# Adding an on/off switch to a battery pack



## cbmar (Sep 20, 2006)

The battery packs broke off of two of my props w/ LED eyes. I'd love to replace them with battery packs that have on/off switches, but I can't find them at Radio Shack. (They do stock packs like that, but they take 4 "AA" batteries, and my props only require 2 "AA"s. Could I just put 2 batteries in something designed for 4 and still have it work?) Help!

-Chris
www.hauntstyle.com


----------



## Otaku (Dec 3, 2004)

Nope, the 4AA packs are wired for 4 batteries. You could jumper the empty slots by attaching a wire to the terminals in the slots to replace the missing batteries, though. To cut in an on-off switch, get a small SPST toggle or slider switch (both are available at R/S) and cut it in on one of the two wires coming from the battery pack.
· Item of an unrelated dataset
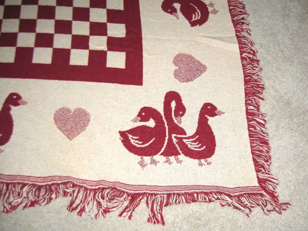 Hearts, Ducks & Swans Throw Blanket - Preowned Approximately 68" X 48" not including the fringe and weighs about 1 1/2 lbs. There are no Labels on this Blanket. Blanket has been stored in a Cedar Chest in a smoke free environment.

Do not attach the switch to both wires or you'll short the batteries. Attach the red wire from the battery pack to one terminal of the switch, then attach a wire to the other terminal of the switch. The new wire will go to the positve connection of your prop. Please verify the polarity of the wires before re-connecting to the prop - you don't want to fry anything. If this isn't clear, let me know and I can whomp up a quick drawing and send it to you.


----------



## Dr Morbius (Sep 21, 2004)

Yes you can, just put a jumper wire across the contacts on the empty slots. Just make sure the wires leading out are connected to the batteries.


----------



## Dr Morbius (Sep 21, 2004)

LOL! Otaku posted at the same time I did..What he said.


----------



## cbmar (Sep 20, 2006)

Thanks. Here's a dumb question though...
When I attach the jumper wire to the negative side, can I solder it to the spring, or do I have to attach it to the metal plate?

-Chris
www.hauntstyle.com


----------



## Otaku (Dec 3, 2004)

You can solder directly to the spring.


----------